• [THE PROBLEM]:
Return the listing below unchanged, minus its pictures.

• [STORED DATA]:

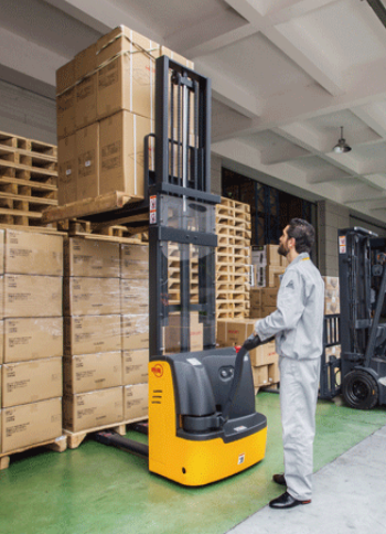 提升高度大約在1.8米時(根據所裝配的提升門架):高于安全接通高度時, 堆垛車將減低行駛速度至大約3km/h;
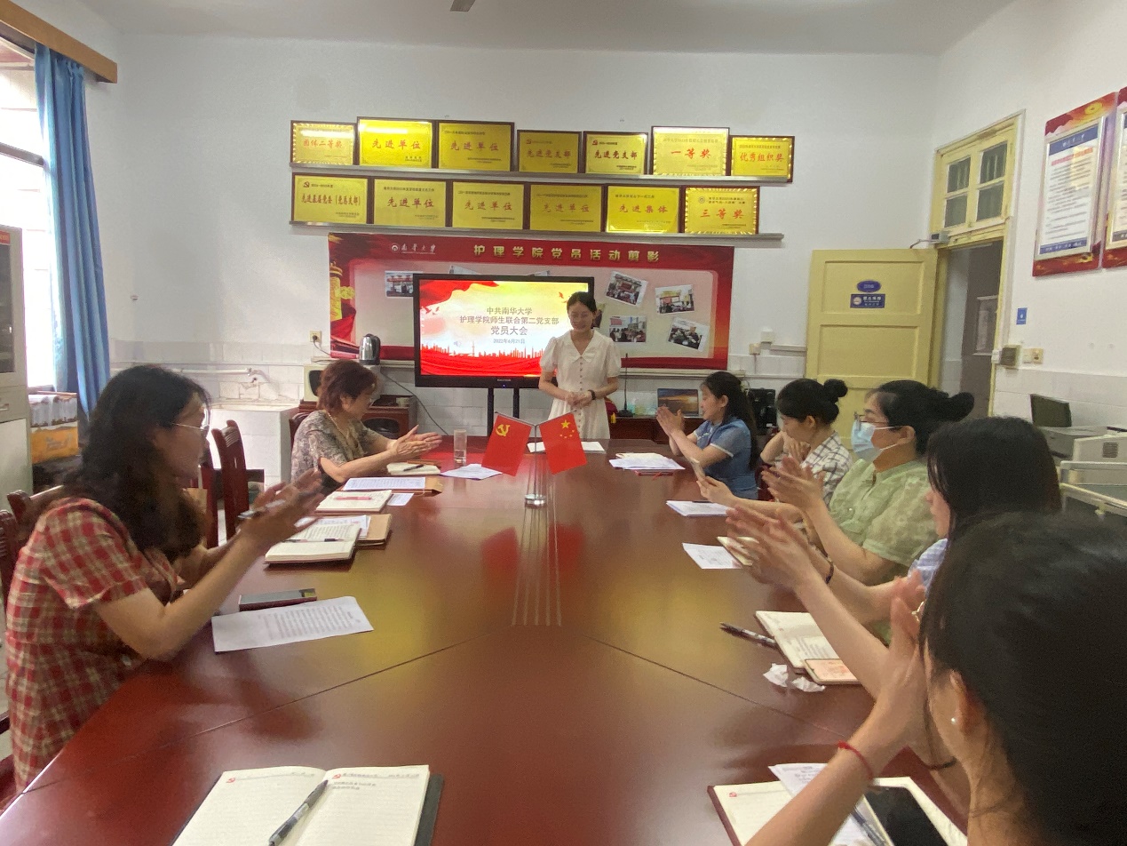 首先,支部书记王蓉宣读了中国共产党党员发展的工作流程。紧接着,江唯晗、宗旻阳同志依次汇报了本人在预备期的思想、工作、学习情况;组织委员方静芝代表支委会介绍了2为同志在预备期间的教育和考察情况。随后,与会党员发表意见,对两位同志一年来的表现和不足进行了充分讨论。最后,全体党员进行无记名投票,全票通过两位同志如期转为中共正式党员。江唯晗、宗旻阳同志依次表态发言,她们表示会进一步端正自己的态度,加强党性修养,以党员的标准严格要求自己,并向身边的党员同志学习,努力成为一名合格的党员。
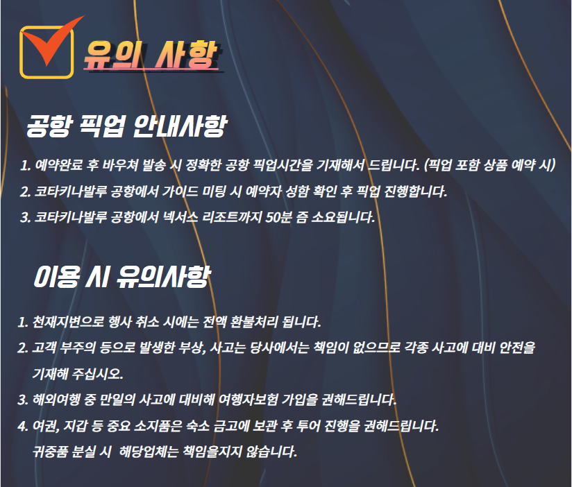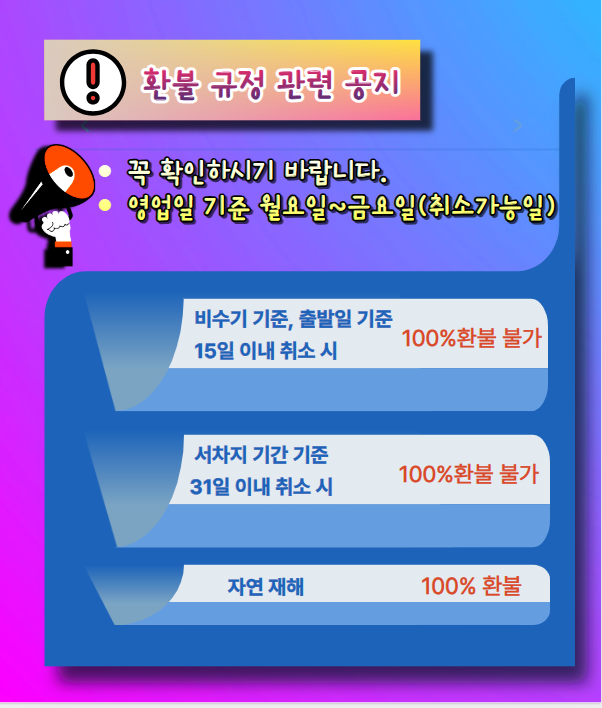 * 본 상품은 구매 시 예약 확정되지 않으며, 여행사의 해피콜 후 예약이 확정됩니다. (예약확정 전에는 여행사 사정에 의해 환불 될 수 있습니다.)

• [RESPONSE]:
 提升高度大約在1.8米時(根據所裝配的提升門架):高于安全接通高度時, 堆垛車將減低行駛速度至大約3km/h;
 首先,支部书记王蓉宣读了中国共产党党员发展的工作流程。紧接着,江唯晗、宗旻阳同志依次汇报了本人在预备期的思想、工作、学习情况;组织委员方静芝代表支委会介绍了2为同志在预备期间的教育和考察情况。随后,与会党员发表意见,对两位同志一年来的表现和不足进行了充分讨论。最后,全体党员进行无记名投票,全票通过两位同志如期转为中共正式党员。江唯晗、宗旻阳同志依次表态发言,她们表示会进一步端正自己的态度,加强党性修养,以党员的标准严格要求自己,并向身边的党员同志学习,努力成为一名合格的党员。
 * 본 상품은 구매 시 예약 확정되지 않으며, 여행사의 해피콜 후 예약이 확정됩니다. (예약확정 전에는 여행사 사정에 의해 환불 될 수 있습니다.)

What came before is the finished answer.